This calculation can be updated day by day, and eventually, the extrapolation for *ln(N)* will converge to the correct number. As we will show in the results section, in many cases the end point can be predicted accurately at a very early stage.

The pseudo-code for data fitting is the following: Read in csv date, Total Cases, Total Deaths for all the world location Correct errors, in the date Main loop for each location for line_end to End { for line_start 10 to line_end-10{ step lnN from lnN1 to lnN2 by dlN{ x=day; y = ln(N)-ln(X(t)) CC = correlation_coef(x,y) Find maximum CC } if best CC > threshold Keep line Y coordinates and the lnN values } }

For each line_end, collect the predicted *N* values and histogram them to find the most common value that is then taken as the prediction for that particular line-end value. We are well aware that this method can be improved in many ways some of which we are currently exploring.

### Data Smoothing

All data is smoothed using the LOWESS method (locally weighted scatter-plot smoothing) developed by W. S. Cleveland at Bell Labs in 1988 (Cleveland 1988). We use the original FORTRAN code written in Ratfor (Ratfor 1976) (https://www.netlib.org/go/lowess) and converted to Mortran (Mortran 1975**)**. The parameter *F* (the fraction of points used to compute each fitted value) is set to 0.05, 0.07, 0.1, 0.12 and 0.14 for SMO1 to SMO5, respectively. In addition, the smoothed output Y-axis values for SMO4 and SMO5 are smoothed a second time using *F*=0.1. Smoothing is only applied to the total counts of cases and deaths. Well-aware of the distortions that smoothing can cause, we made sure that the smoothing did not introduce false features at the start or end of the time series. We also made sure that the smoothing did not move the location of the peaks as shown in **Fig. S3**. We also test the root-mean-square value of the change in total values caused by the five different levels of smoothing. When we do this for locations with more than 60 deaths and for locations with more than 1000 cases we find that the % RMS error average values are between 0.4% and 1.2% for *F* ranging from 0.05 to 0.14.

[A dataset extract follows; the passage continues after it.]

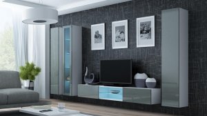 Dodatkowe informacje: Bezuchwytowe fronty, Opcjonalne oświetlenie LED półek (za dopłatą), Istnieje możliwość dokupienia oświetlenia szafkowego LED., Witryna VIGO '180' pełna: 180/40/30, wewnątrz cztery półki zwykłe., Zdjęcia przedstawiają przykładową aranżację zestawu., Witryna VIGO '180' szkło: 180/40/30, front w wysokim połysku przeszklony, wewnątrz cztery półki szklane., Szafka RTV VIGO GLASS: 30/180/40, z lewej i prawej strony klapy otwierane do dołu, fronty w wysokim połysku, komora otwarta z półką szklaną, szafka RTV podwieszana., Szafka podwieszana, Dostępne kolory podświetlenia: biały zimny, czerwony, niebieski, zielony, Płyta wiórowa laminowana wyróżnia się odpornością na naprężenia mechaniczne i ekstremalne temperatury, Meble do samodzielnego montażu, Podany wymiar całkowity zestawu nie uwzględnia widocznych na zdjęciach przerw między bryłami. Zalecana odległość min. 10 cm.

One problem when using smoothed data to test prediction, is that smoothing uses future data points that would not have been available on the day the prediction would have been made. We allow for this in estimating when new cases and deaths peak by taking the effective peak date for completed situations as half way between the actual peak date found in the smoothed data and the date at which the level has dropped past the peak to half peak height. We also generally avoid using smoothed data.

## RESULTS

### What To Expect From Simple Mathematical Functions

The most important result of this study is that the Gompertz function can be transformed into a straight line provided one knows the final plateau value of total counts of either cases or deaths, denoted here as *N*. This is shown in **Fig. 1** and provides the basic method we use to fit the observed data. Namely, vary the value of *N* to make the transformed Gompertz function *Y(t)* into a straight line and then derive parameters from the fit. Although this result is asymptotically true for a broad class of growth functions, we find that the simple three parameter Gompertz growth function fits the trajectory of actual COVID-19 outbreaks very well (Fig. 2). Specifically, the logarithm of the slope of ln*(X(t))* (called *H(t*)) decreases linearly with time meaning that the exponential growth rate (the slope of ln*(X(t))*) is never constant so that growth is never exponential. This linear decrease of *H(t)* is not true for all growth functions: specifically, the sigmoid function starts with pure exponential growth (**Fig. 2, c-d**). We find this linear decrease of ln*H(t)* is in fact a universal property of all outbreaks (Fig. 3) justifying the broad use of the Gompertz function here.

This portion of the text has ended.